(Dataset items)
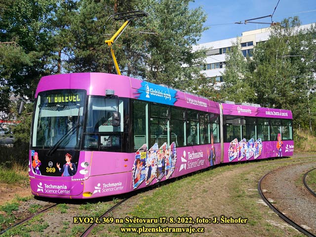 dva roky a tak lze očekávat, že se reklamy již mohou na nich také objevovat. Tramvaj č. 369 tak svým polepem propaguje science center Techmania.
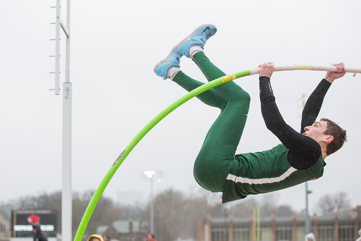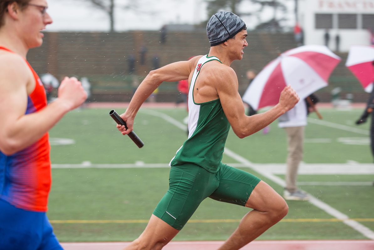 Bruton captured junior John Harry Wagner as he powered through the 4×100-meter relay at the WashU Invite in March 2019. Bruton shoots 400 to 800 photos per event.
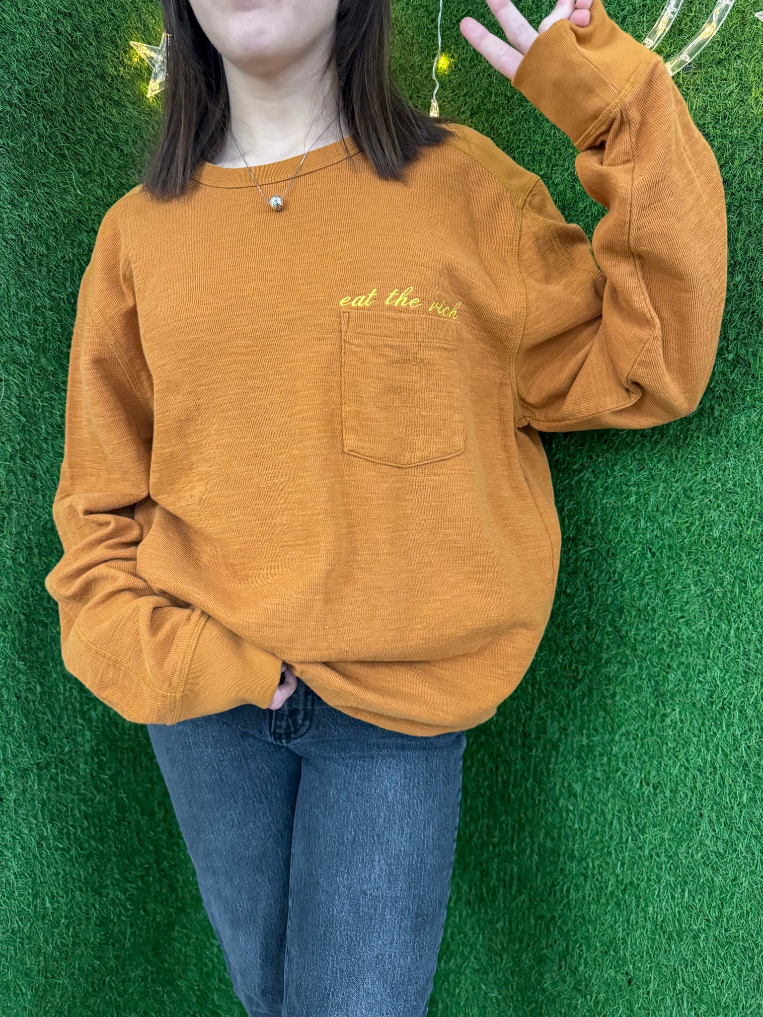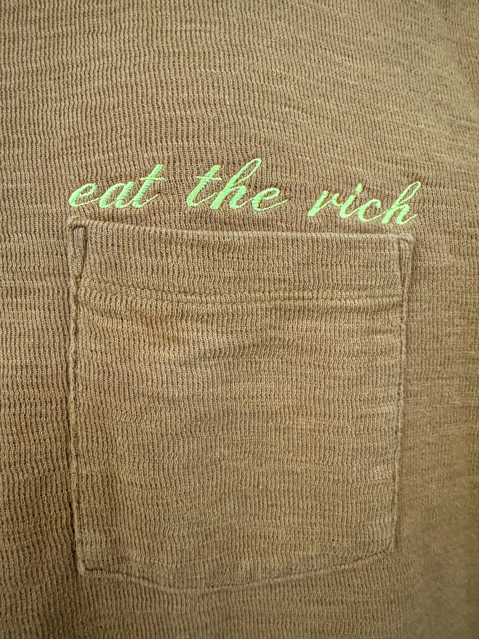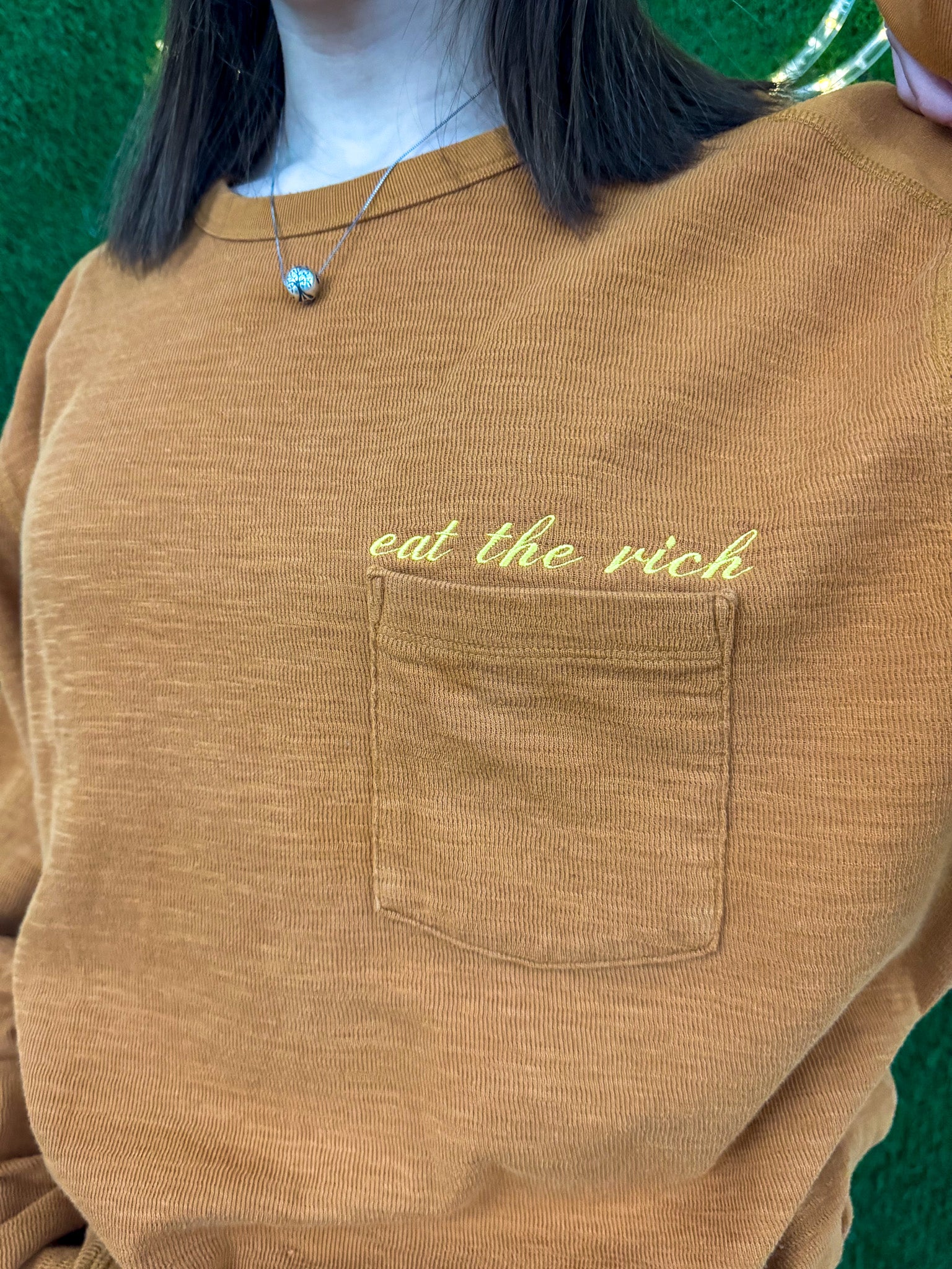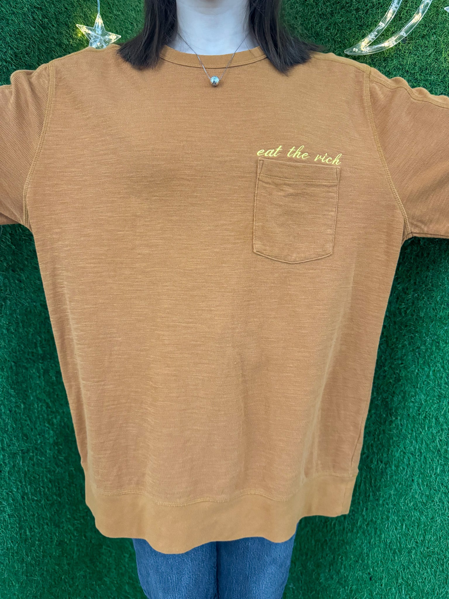 Upgrade your wardrobe with the Eat The Rich Pocket Long Sleeve -the perfect blend of fashion and sustainability. Made from upcycled, secondhand garments, this embroidered top supports small businesses and promotes slow fashion. Stay stylish and eco-friendly with this must-have piece!
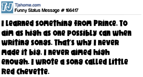 - # 166407 I learned something from Prince through my own shortcomings. And that was to aim as high as one possibly can when writing songs. That's the reason I never made it big. I never aimed high enough. I wrote a song called Little Red Chevette.
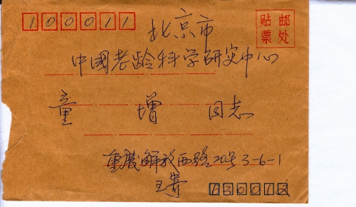 第一次寄北京中国老龄科学研究中心因地址不详被退回来了,现看到“蜀报”1月16日杨力文同志文章后再寄,因急于参加亿人签名活动和向日本驻华使馆交材料事宜,请接信后尽快给予回信谢谢。
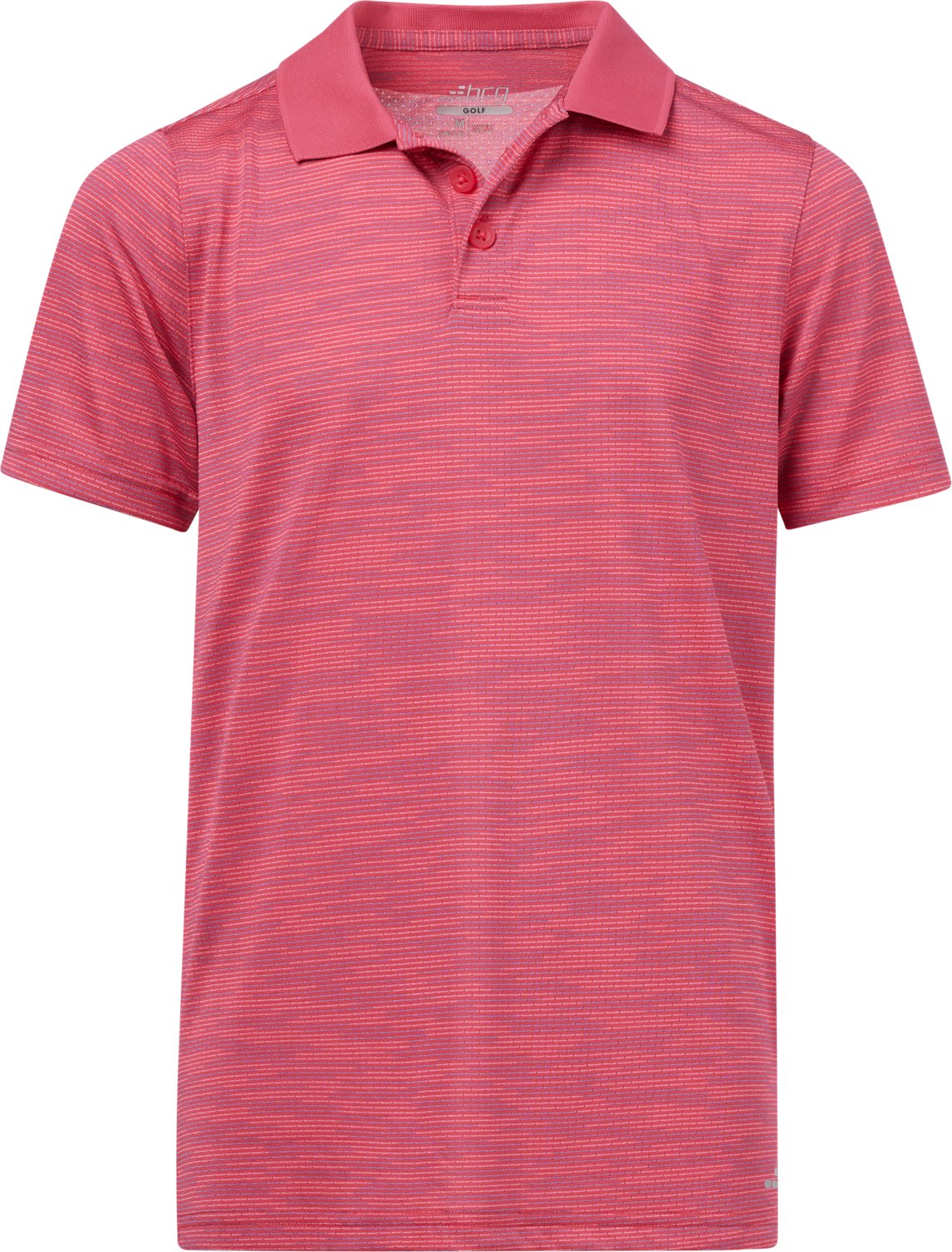 Tee off with the BCG Boys' Golf Space Dye Polo Shirt. The polyester material provides a comfortable feel, while the moisture wicking technology helps keep you cool and dry.
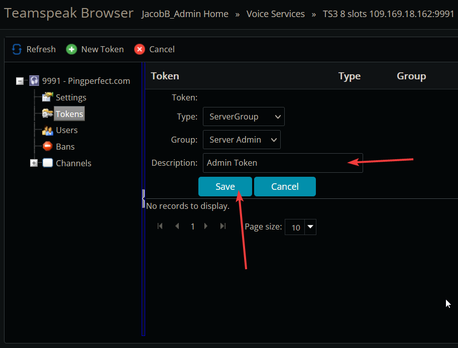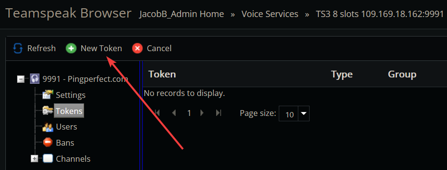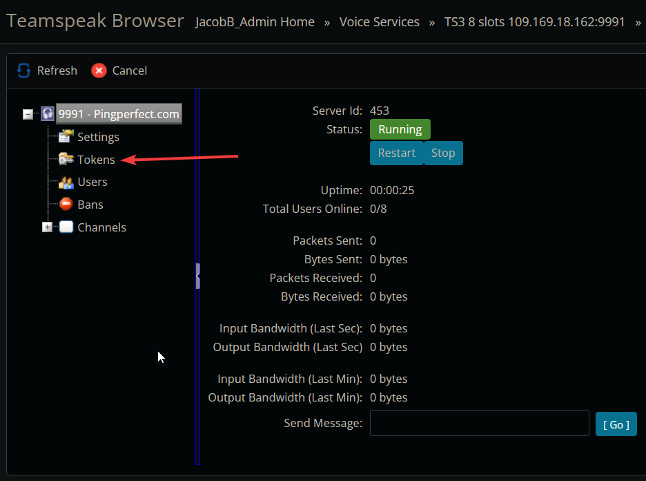 Launch the TS3 client and connect to your server as a normal user. Now, go to Permissions → Use Token and paste the Token ID into the box. If successful, this will make you a Server Admin and you should see a "SA" icon next to your name.
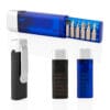 Este herramientero multifuncional cuenta con una linterna que se activa al deslizar un botón lateral. En la parte inferior incluye un compartimiento desplegable con seis puntas de destornillador, que pueden colocarse en la parte superior para su uso. El compartimiento se cierra bajo presión para mantener las piezas seguras. Además, incorpora un clip lateral que permite sujetarlo fácilmente a la ropa, ideal para llevarlo siempre a la mano.
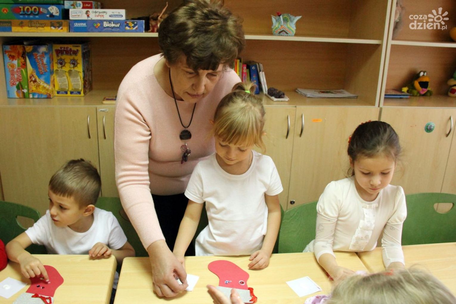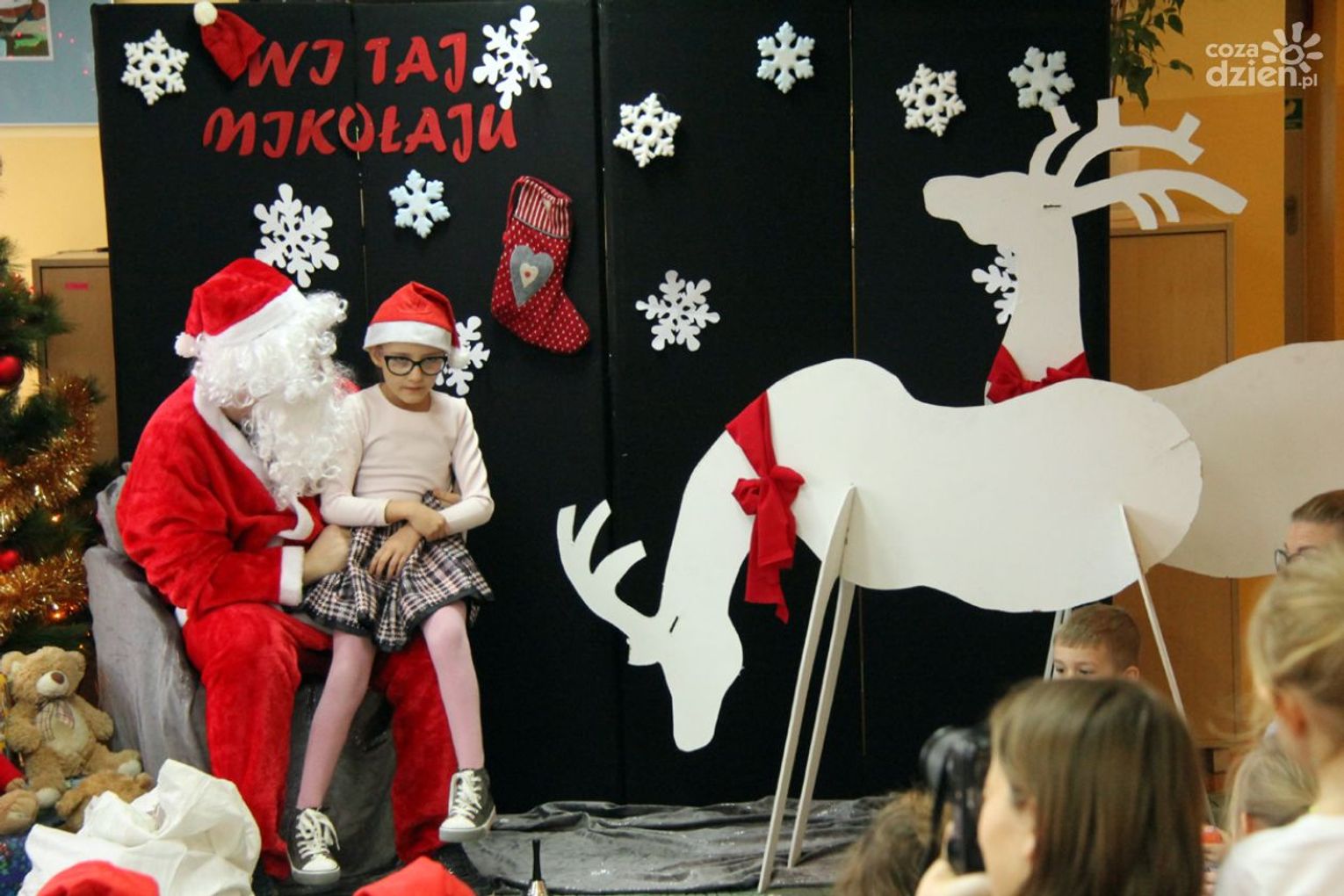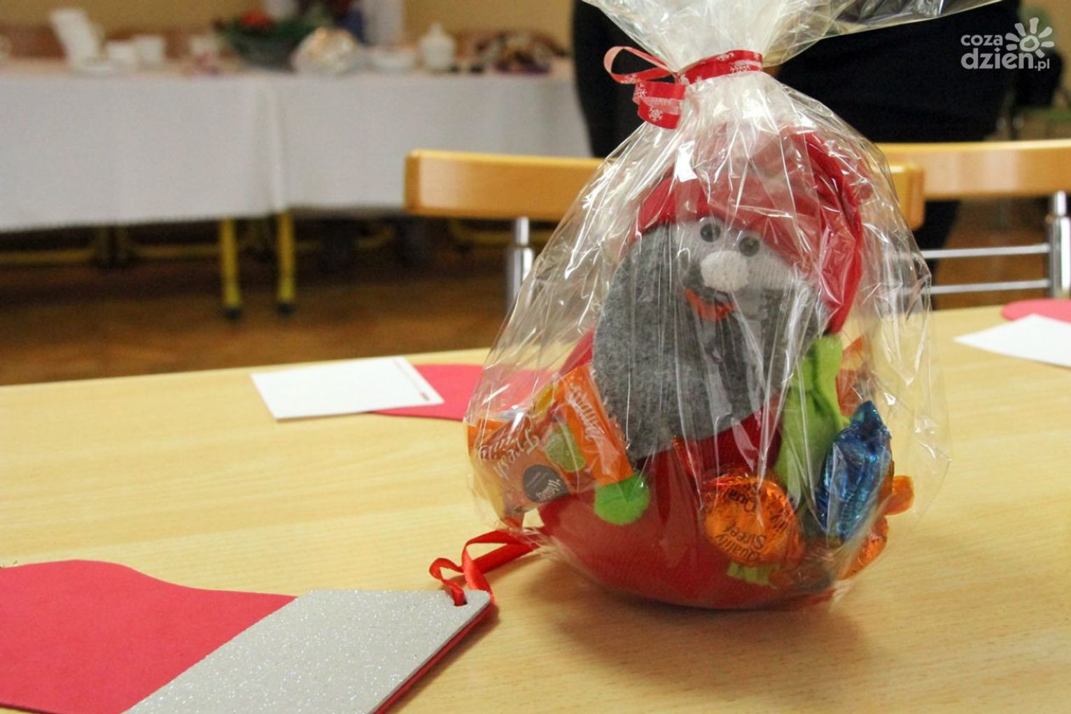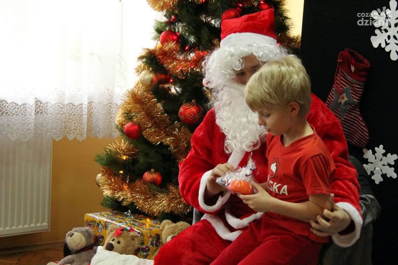 W tym roku na Mikołaja czekało nie lada zaskoczenie, gdyż oprócz dzieci z ośrodka powitały go również najmłodsi z klasy 0a oddziału przedszkolnego PSP nr 34 w Radomiu. Przedszkolaki pod opieką nauczyciela wykonały samodzielnie mikołajki dla małych gospodarzy. Spotkanie było również okazją do wspólnego śpiewania piosenek świątecznych. Urozmaiceniem były zajęcia plastyczne pt. „Buty Mikołaja” – przygotowane i prowadzone przez p. Dorotę Kwatek i Sylwię Górską. Na zakończenie spotkania na wszystkich czekał słodki poczęstunek. Grzeczne dzieci Święty Mikołaj z pewnością odwiedzi już w przyszłym roku.

WHAT IS EXPECTED - Word for word, retype all of the data above, but include no pictures.

RESPONSE TO THIS EXERCISE -
 dva roky a tak lze očekávat, že se reklamy již mohou na nich také objevovat. Tramvaj č. 369 tak svým polepem propaguje science center Techmania.
 Bruton captured junior John Harry Wagner as he powered through the 4×100-meter relay at the WashU Invite in March 2019. Bruton shoots 400 to 800 photos per event.
 Upgrade your wardrobe with the Eat The Rich Pocket Long Sleeve -the perfect blend of fashion and sustainability. Made from upcycled, secondhand garments, this embroidered top supports small businesses and promotes slow fashion. Stay stylish and eco-friendly with this must-have piece!
 - # 166407 I learned something from Prince through my own shortcomings. And that was to aim as high as one possibly can when writing songs. That's the reason I never made it big. I never aimed high enough. I wrote a song called Little Red Chevette.
 第一次寄北京中国老龄科学研究中心因地址不详被退回来了,现看到“蜀报”1月16日杨力文同志文章后再寄,因急于参加亿人签名活动和向日本驻华使馆交材料事宜,请接信后尽快给予回信谢谢。
 Tee off with the BCG Boys' Golf Space Dye Polo Shirt. The polyester material provides a comfortable feel, while the moisture wicking technology helps keep you cool and dry.
 Launch the TS3 client and connect to your server as a normal user. Now, go to Permissions → Use Token and paste the Token ID into the box. If successful, this will make you a Server Admin and you should see a "SA" icon next to your name.
 Este herramientero multifuncional cuenta con una linterna que se activa al deslizar un botón lateral. En la parte inferior incluye un compartimiento desplegable con seis puntas de destornillador, que pueden colocarse en la parte superior para su uso. El compartimiento se cierra bajo presión para mantener las piezas seguras. Además, incorpora un clip lateral que permite sujetarlo fácilmente a la ropa, ideal para llevarlo siempre a la mano.
 W tym roku na Mikołaja czekało nie lada zaskoczenie, gdyż oprócz dzieci z ośrodka powitały go również najmłodsi z klasy 0a oddziału przedszkolnego PSP nr 34 w Radomiu. Przedszkolaki pod opieką nauczyciela wykonały samodzielnie mikołajki dla małych gospodarzy. Spotkanie było również okazją do wspólnego śpiewania piosenek świątecznych. Urozmaiceniem były zajęcia plastyczne pt. „Buty Mikołaja” – przygotowane i prowadzone przez p. Dorotę Kwatek i Sylwię Górską. Na zakończenie spotkania na wszystkich czekał słodki poczęstunek. Grzeczne dzieci Święty Mikołaj z pewnością odwiedzi już w przyszłym roku.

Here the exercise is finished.